Task goal — In the records below, print each line exactly and leave every image out.

Data provided —
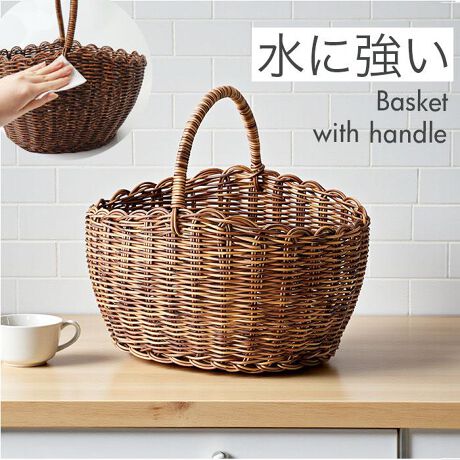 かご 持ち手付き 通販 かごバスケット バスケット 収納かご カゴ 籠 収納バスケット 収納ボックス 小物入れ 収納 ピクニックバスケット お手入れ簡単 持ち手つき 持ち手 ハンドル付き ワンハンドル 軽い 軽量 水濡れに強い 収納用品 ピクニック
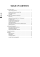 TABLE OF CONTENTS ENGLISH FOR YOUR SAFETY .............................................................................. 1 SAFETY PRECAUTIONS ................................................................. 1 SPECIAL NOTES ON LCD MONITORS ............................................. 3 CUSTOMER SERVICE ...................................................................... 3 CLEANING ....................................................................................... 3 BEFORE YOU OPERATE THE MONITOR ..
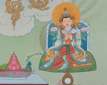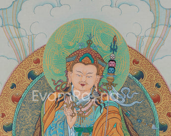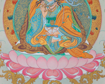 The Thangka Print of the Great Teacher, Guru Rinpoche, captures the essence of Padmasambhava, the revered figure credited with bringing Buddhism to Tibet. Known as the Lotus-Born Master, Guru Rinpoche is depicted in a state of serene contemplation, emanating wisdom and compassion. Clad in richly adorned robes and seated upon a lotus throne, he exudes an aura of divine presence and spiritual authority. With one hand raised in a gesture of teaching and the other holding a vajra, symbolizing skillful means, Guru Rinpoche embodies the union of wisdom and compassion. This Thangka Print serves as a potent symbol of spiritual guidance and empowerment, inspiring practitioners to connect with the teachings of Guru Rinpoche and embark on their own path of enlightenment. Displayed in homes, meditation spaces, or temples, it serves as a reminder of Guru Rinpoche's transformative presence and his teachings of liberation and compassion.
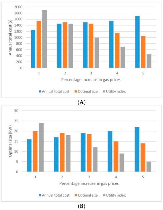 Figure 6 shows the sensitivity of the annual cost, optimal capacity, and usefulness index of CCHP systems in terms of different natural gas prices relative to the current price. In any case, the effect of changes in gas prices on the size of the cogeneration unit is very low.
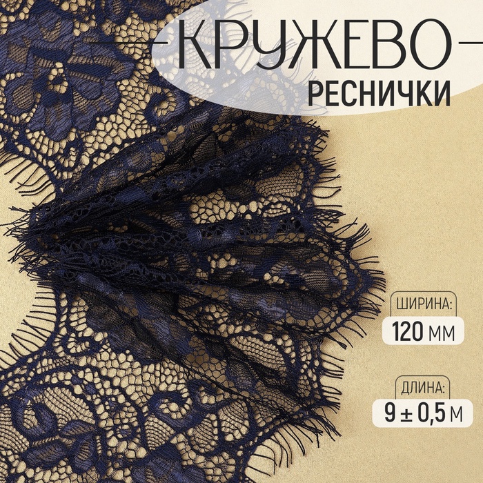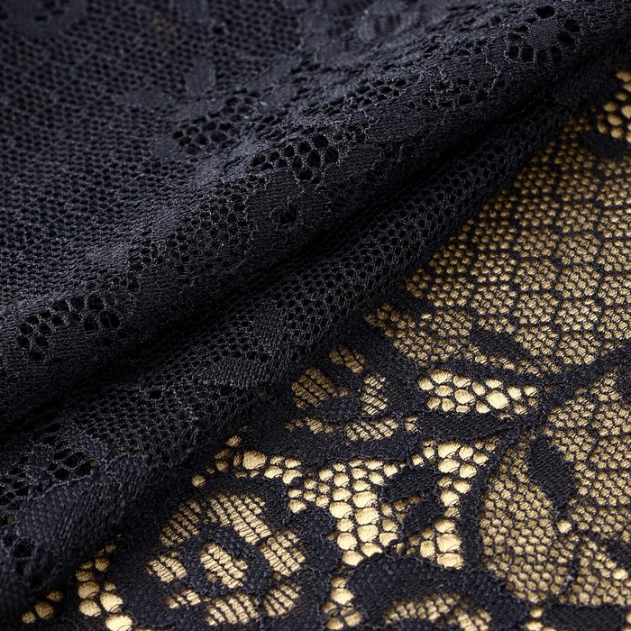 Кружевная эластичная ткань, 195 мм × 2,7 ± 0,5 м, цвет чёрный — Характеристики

Expected answer —
 かご 持ち手付き 通販 かごバスケット バスケット 収納かご カゴ 籠 収納バスケット 収納ボックス 小物入れ 収納 ピクニックバスケット お手入れ簡単 持ち手つき 持ち手 ハンドル付き ワンハンドル 軽い 軽量 水濡れに強い 収納用品 ピクニック
 TABLE OF CONTENTS ENGLISH FOR YOUR SAFETY .............................................................................. 1 SAFETY PRECAUTIONS ................................................................. 1 SPECIAL NOTES ON LCD MONITORS ............................................. 3 CUSTOMER SERVICE ...................................................................... 3 CLEANING ....................................................................................... 3 BEFORE YOU OPERATE THE MONITOR ..
 The Thangka Print of the Great Teacher, Guru Rinpoche, captures the essence of Padmasambhava, the revered figure credited with bringing Buddhism to Tibet. Known as the Lotus-Born Master, Guru Rinpoche is depicted in a state of serene contemplation, emanating wisdom and compassion. Clad in richly adorned robes and seated upon a lotus throne, he exudes an aura of divine presence and spiritual authority. With one hand raised in a gesture of teaching and the other holding a vajra, symbolizing skillful means, Guru Rinpoche embodies the union of wisdom and compassion. This Thangka Print serves as a potent symbol of spiritual guidance and empowerment, inspiring practitioners to connect with the teachings of Guru Rinpoche and embark on their own path of enlightenment. Displayed in homes, meditation spaces, or temples, it serves as a reminder of Guru Rinpoche's transformative presence and his teachings of liberation and compassion.
 Figure 6 shows the sensitivity of the annual cost, optimal capacity, and usefulness index of CCHP systems in terms of different natural gas prices relative to the current price. In any case, the effect of changes in gas prices on the size of the cogeneration unit is very low.
 Кружевная эластичная ткань, 195 мм × 2,7 ± 0,5 м, цвет чёрный — Характеристики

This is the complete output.